PROBLEM TO WORK ON: Line by line, repeat the material below exactly and leave the images out.

*** DATASET RECORDS Section Begins ***

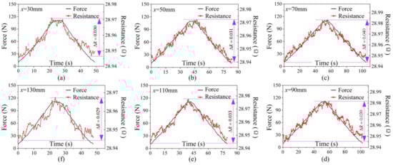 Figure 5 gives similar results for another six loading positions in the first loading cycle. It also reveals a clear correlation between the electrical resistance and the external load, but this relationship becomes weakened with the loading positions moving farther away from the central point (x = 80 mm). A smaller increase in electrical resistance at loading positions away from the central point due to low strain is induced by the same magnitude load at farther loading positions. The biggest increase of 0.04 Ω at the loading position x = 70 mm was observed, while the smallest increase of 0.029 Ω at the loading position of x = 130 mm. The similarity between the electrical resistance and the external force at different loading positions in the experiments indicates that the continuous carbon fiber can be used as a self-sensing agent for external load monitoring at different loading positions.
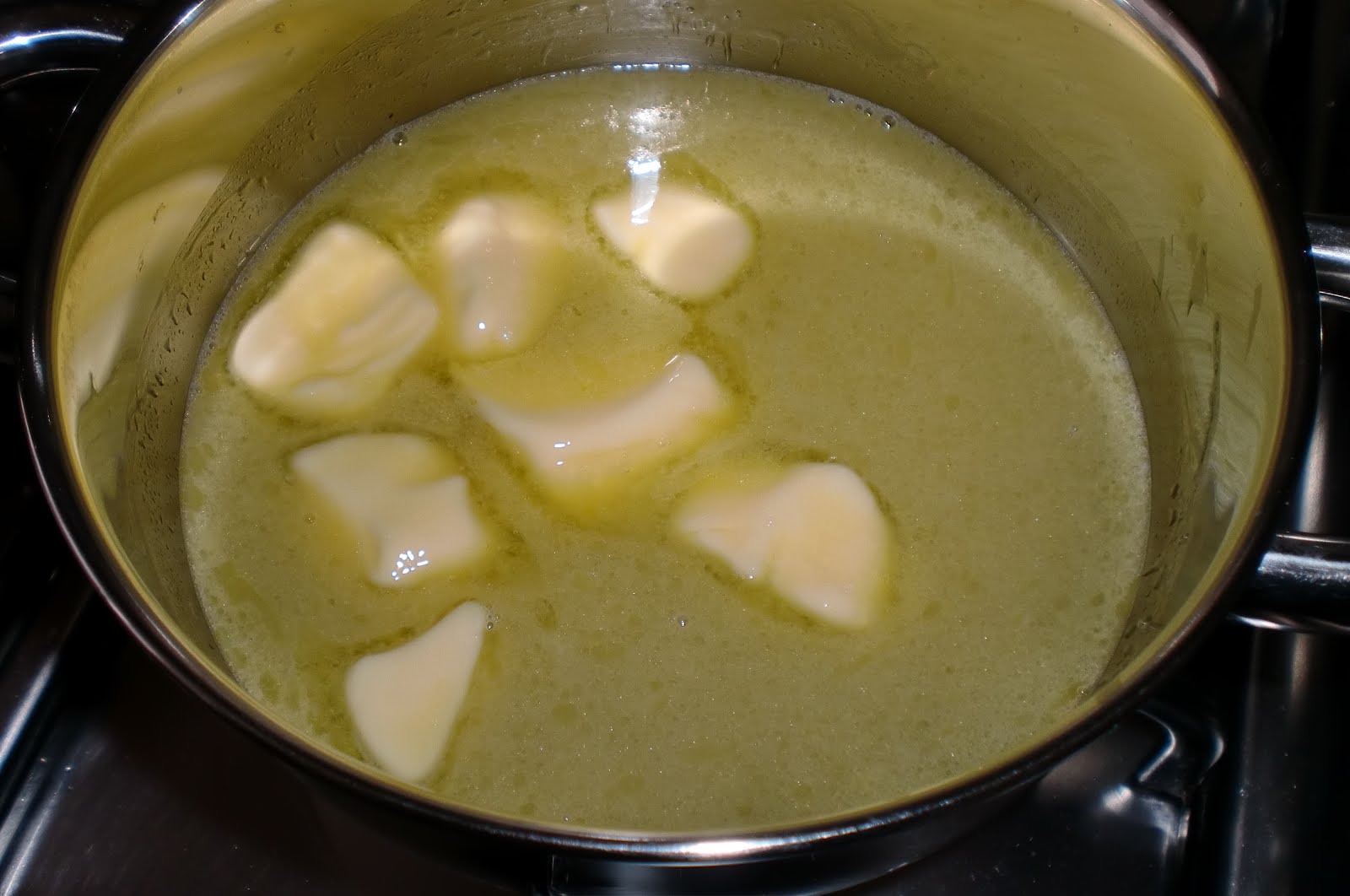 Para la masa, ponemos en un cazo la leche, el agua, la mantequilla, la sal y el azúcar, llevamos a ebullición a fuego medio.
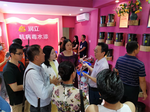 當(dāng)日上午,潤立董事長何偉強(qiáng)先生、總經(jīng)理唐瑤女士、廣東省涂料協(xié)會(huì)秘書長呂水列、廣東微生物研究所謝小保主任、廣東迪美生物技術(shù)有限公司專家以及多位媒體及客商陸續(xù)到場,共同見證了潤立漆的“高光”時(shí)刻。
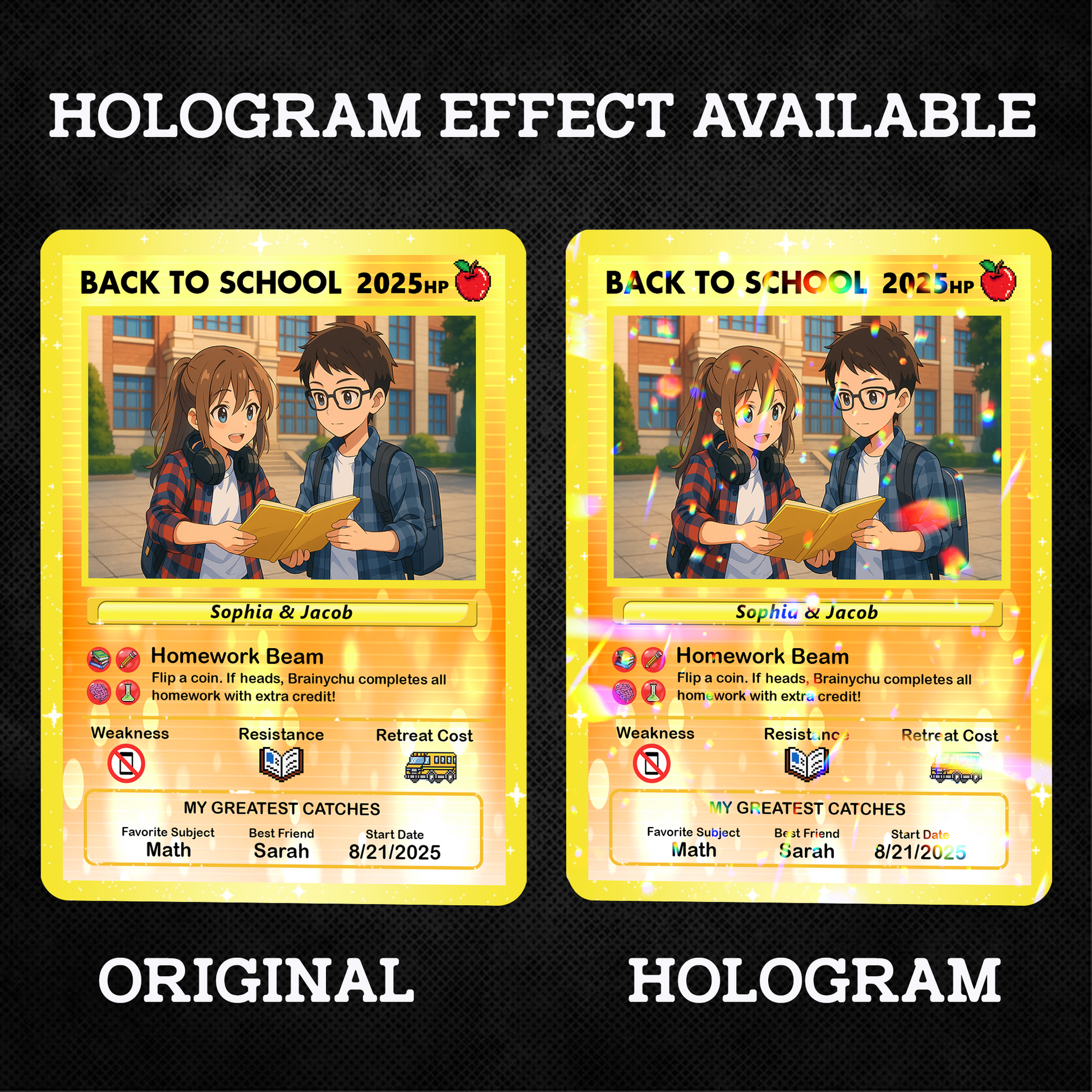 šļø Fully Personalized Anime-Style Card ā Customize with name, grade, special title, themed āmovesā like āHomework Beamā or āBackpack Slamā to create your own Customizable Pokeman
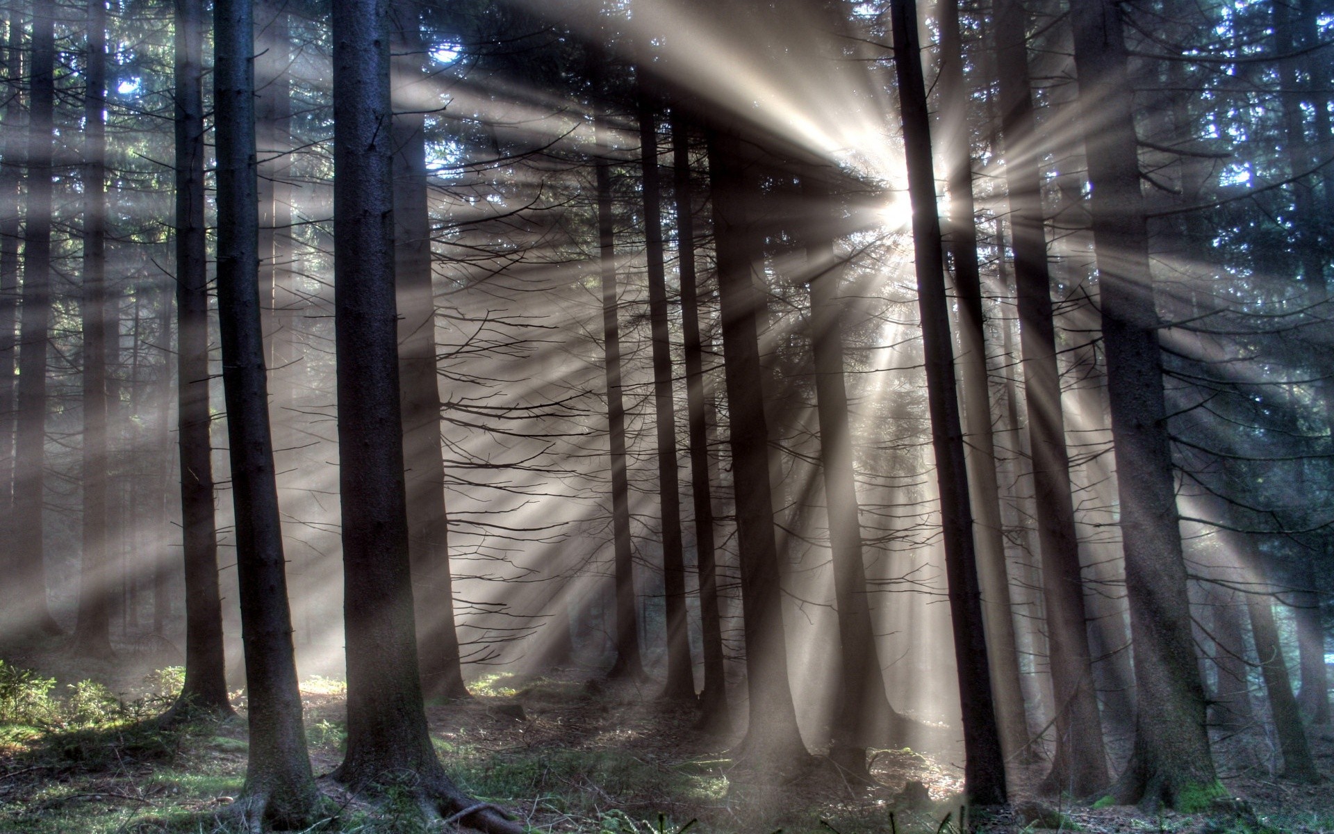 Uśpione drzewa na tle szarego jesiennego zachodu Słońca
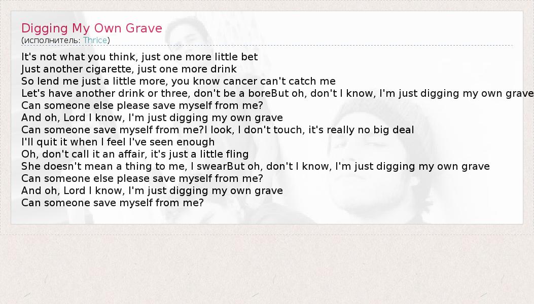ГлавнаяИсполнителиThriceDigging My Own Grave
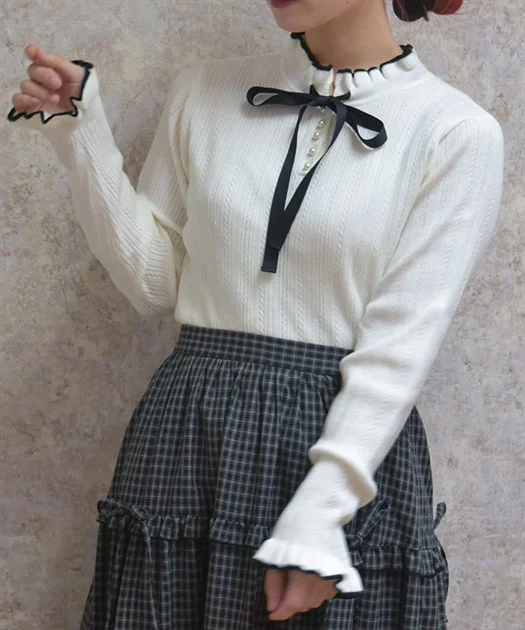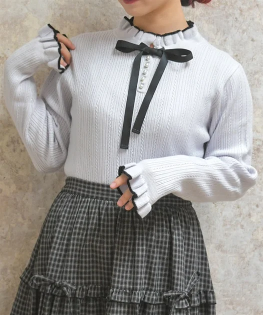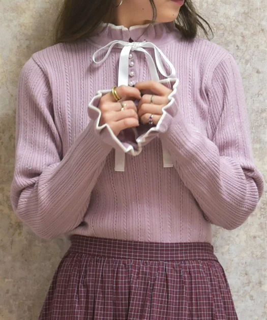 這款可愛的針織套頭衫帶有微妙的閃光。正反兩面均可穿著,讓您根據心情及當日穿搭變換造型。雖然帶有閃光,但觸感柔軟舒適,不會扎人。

*** DATASET RECORDS Section Ends ***

PROBLEM SOLUTION:
 Figure 5 gives similar results for another six loading positions in the first loading cycle. It also reveals a clear correlation between the electrical resistance and the external load, but this relationship becomes weakened with the loading positions moving farther away from the central point (x = 80 mm). A smaller increase in electrical resistance at loading positions away from the central point due to low strain is induced by the same magnitude load at farther loading positions. The biggest increase of 0.04 Ω at the loading position x = 70 mm was observed, while the smallest increase of 0.029 Ω at the loading position of x = 130 mm. The similarity between the electrical resistance and the external force at different loading positions in the experiments indicates that the continuous carbon fiber can be used as a self-sensing agent for external load monitoring at different loading positions.
 Para la masa, ponemos en un cazo la leche, el agua, la mantequilla, la sal y el azúcar, llevamos a ebullición a fuego medio.
 當(dāng)日上午,潤立董事長何偉強(qiáng)先生、總經(jīng)理唐瑤女士、廣東省涂料協(xié)會(huì)秘書長呂水列、廣東微生物研究所謝小保主任、廣東迪美生物技術(shù)有限公司專家以及多位媒體及客商陸續(xù)到場,共同見證了潤立漆的“高光”時(shí)刻。
 šļø Fully Personalized Anime-Style Card ā Customize with name, grade, special title, themed āmovesā like āHomework Beamā or āBackpack Slamā to create your own Customizable Pokeman
 Uśpione drzewa na tle szarego jesiennego zachodu Słońca
ГлавнаяИсполнителиThriceDigging My Own Grave
 這款可愛的針織套頭衫帶有微妙的閃光。正反兩面均可穿著,讓您根據心情及當日穿搭變換造型。雖然帶有閃光,但觸感柔軟舒適,不會扎人。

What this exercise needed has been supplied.